I'm sure the human said something, but it didn't come across as anything but a fleeting meep. The guy seemed to fold in upon himself within the tiger's grasp, almost shrinking as I watched.

That was it. The tiger turned, the black of his stripes bleeding into the shadows around us in the gathering dusk.

He peered over his shoulder for a moment, looking at me dazed and crumpled against the wall. "Thanks for your help, fido. Don't try to follow us."

His silhouette stalked around the corner. I could just make out a red jacket emblazoned with a bright yellow lightning bolt.

I lay there for a moment, feeling the dirt and grime seep into me as my head cleared.

What, the smeg, was that?

I pried myself up from the concrete, trying vainly to brush myself off. All I really managed was to smear the muck around a bit. Looking down, my hands shivered like autumn leaves in a cold wind. I'd been worn out before, and the fallout from my short-lived adrenaline rush wasn't doing me any favors. Limping the rest of the way from the alley, I pulled myself from the shadows as quickly as I could. I suddenly felt cold inside, and needed the press of people about me again.

The light of the food district opened up before me, welcoming anyone with money. The signs along the road threw garnish images of almost anything you could imagine. With so few cities left, all the remaining cultures mixed together into one big mash. No one can really tell where one stopped and the next began. Pretty much all of what was left from western North America made its way up to V-town after the other places began to crumble. The other major minority we've got around here are the Japanese, Tokyo being the only real place you can reach by boat.

Garnish signs advertised everything from toasters to tail, the latter being both literal and figurative. Some people have an unhealthy obsession with their tails, as opposed to the totally healthy one I have with mine. Anyone who'd strap on a prosthetic, just to go for a look, is about as messed up as it gets in my book.

Anyway, here I am surrounded by food stalls, where you can get anything you want, and, quite frankly, more than a few things that turn my stomach. There are a few places along here where I can't even look at the so called 'food' they're selling, I'd just as soon vomit. I mean really, who in their right mind would eat squid? Same thing for fruit, some people just have sick tastes.

It's only a few steps to my normal place, the Cub-Caf kiosk. Mostly us canines here, everyplace else is repulsive. I grab my regular from the short-muzzle across the counter: a slab of moose meat, two mice, and a large chocolate cookie. I'll admit it, I have a sweet tooth. I can't resist anything with chocolate, even if it does make me sick. I kinda feel for the kid across the counter, if anything pays less than my job - it's his. I'd leave him a tip, but my cash doesn't stretch that far.
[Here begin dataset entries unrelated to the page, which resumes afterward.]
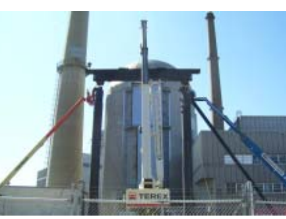
Removal equipment ready to work.

Security regulations require that Dairyland cannot specify an exact RPV shipment date. The removal and shipment of the RPV and other waste are planned and implemented in accordance with NRC rules and regulations. Two canisters of low-level, non-fuel waste from LACBWR have already been shipped and disposed of at Barnwell. Comple-
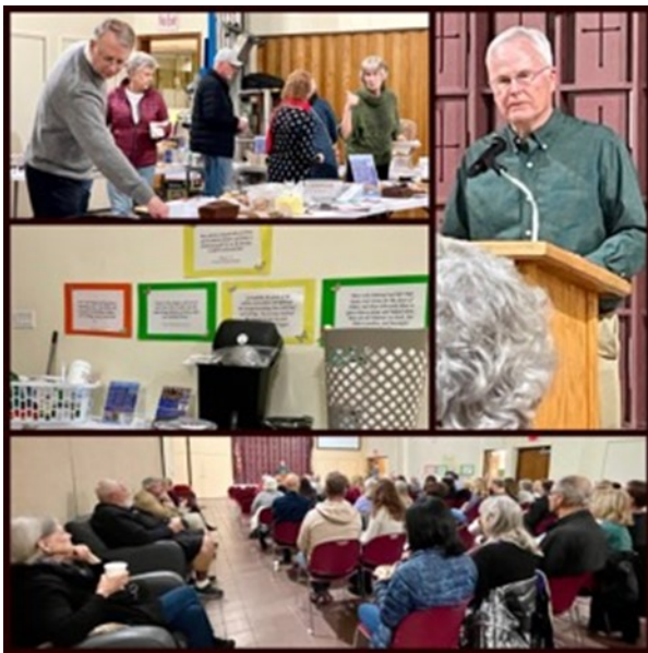
Conejo Interfaith Refugee Team event on March 3
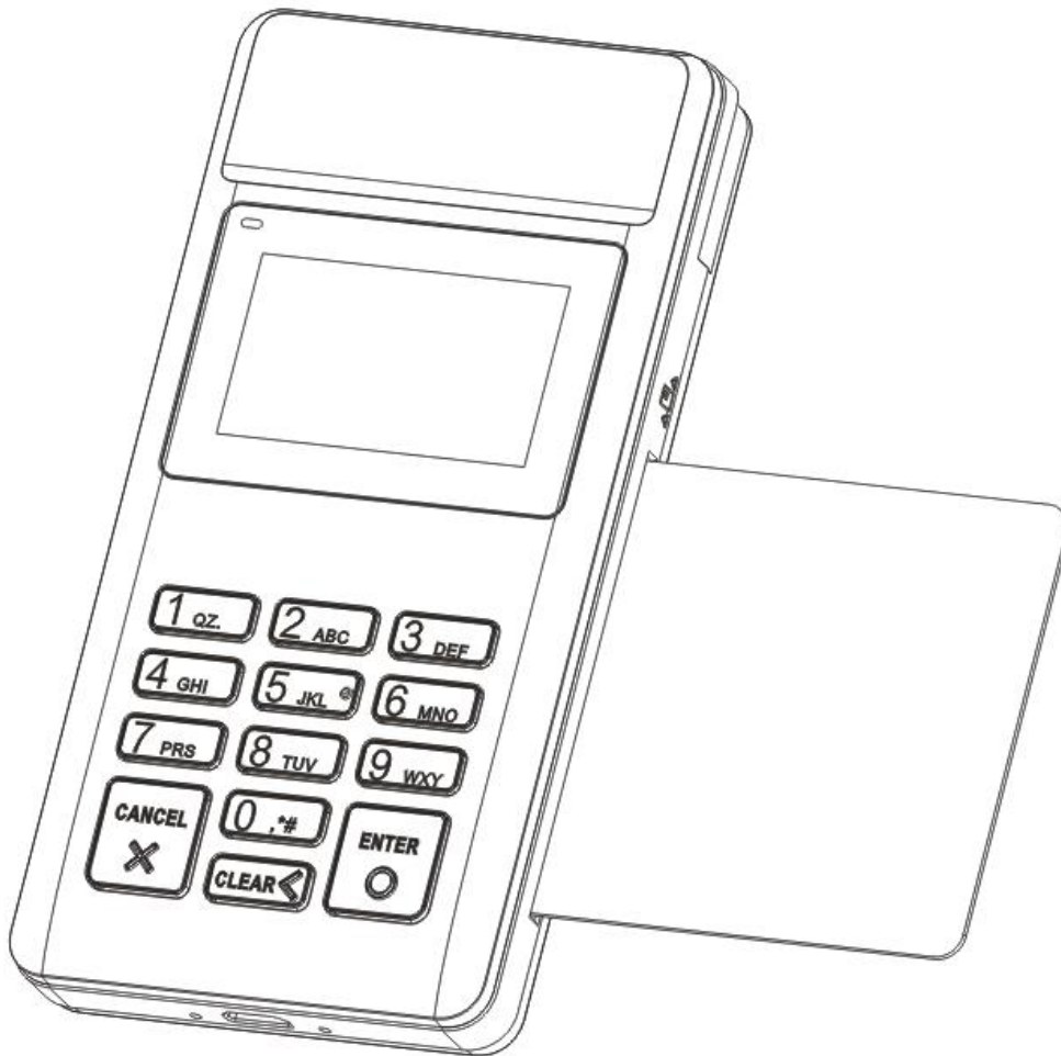
Figure 4. Insert smart card

When inserting smart card into its slot, the chip of smart card must be faced up. In order to avoid any physical damage to the card or the smart card slot of the terminal, it is recommended to insert the card gently. If smart card is successfully detected by the terminal, the icon of the smart card will be shown on the top of screen.
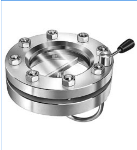
Wiper system WS, built into a VETROLUX® sight-glass to DIN 28120, DN 100, PN 10.
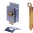
Various accessories page 168
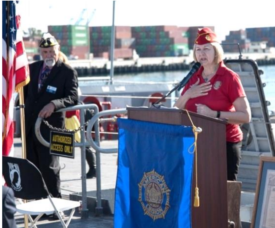
National Commander in Historic Visit to USS IOWA BB-61, 12/12/2017. Commander Rohan speaks to IOWA attendees.
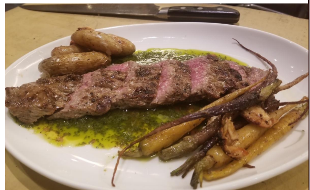
Grilled Hanger Steak with Chimichurri and fingerling potatoes
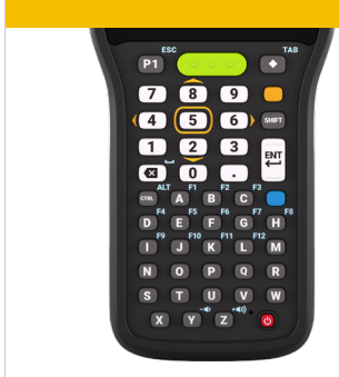
Alpha-Numeric (47 key)

Choose the keypad that best suits the type of data your workers need to capture

Now that I've picked up my sugar fix I'm feeling a little bit more alive as I start looking for a bench somewhere along the street. Not even the rancid smells from the other shops can kill my appetite as long as I'm clutching my prize.

It took a little bit of searching, but I found a spot next to a big-eared cat of some sort. Dozing, he's slumped over the arm of the bench with a nest of wrappers in his lap.

I hadn't even the chance to get my meal out after sitting down before an overweight dachshund came storming down the street, bright yellow T-shirt reading 'Evolution, it's us or them!' in block caps. Each hand held flyers that he tossed seemingly randomly at people, whether they wanted them or not.

The cat beside me was knocked out of his nap with a start, a flyer clinging to his face. Thereare two kinds of protesters; the less common is the happy indigent who will willingly share his grievances with you, politely explaining his problems. The second are the folks who just seem to march around pointlessly, a scowl permanently etched on their faces that could just as easily be caused by unrighted injustice as a bad case of constipation.

This guy was definitely of the later type. He didn't even look at me as he stormed past, a paper dropping from his hand to stick to my food. I gave the pamphlet a little yank and it popped free of my meat, stains already smearing it. Idly I glanced through, seeing if there was anything new in this one.

Nope, not really.

It was a cheap copy of an even more cheaply produced original; slogans like 'Us vs. Them' and 'Keep society moving forward' were scattered across in sloppy bold print. The point? Some folks have a hard-on for getting rid of the humans. Had to do with 'purity', or some such wannabe logical spin. Whatever, I tossed the paper over my shoulder and let it spin off on the breeze. I had better things to think about right now - namely my stomach, and how there wasn't enough in it.

I pulled back the rest of the wax paper to reveal my prize. No disappointment here, the moose is perfect, dark red, with just a little bit of fat around the edge. I know it's been frozen of course, but they warm it up to the right temperature so at least it feels fresh. Chowing down, the blood squished on my tongue just the way it's supposed to. I've never actually hunted a day in my life, and I'm sorry to say my attempt to was the kind of thing I don't talk about. But in any event, you can't beat this stuff. No meat is cheap here, it all has to be hunted and that gets expensive. I was spoiled long ago, even if it bankrupts me, I could never eat anything else.

The moose is gone in a few seconds, I never could slow down. Now it's onto the fun stuff. The mice are in a couple of paper cups with lids on them so they can't escape. I considered taking them back to my apartment for a quick chase, but with my skills they'd find some way to make a break for it. I'm not sure how I'd explain mouse bites all over my hands tomorrow at the office.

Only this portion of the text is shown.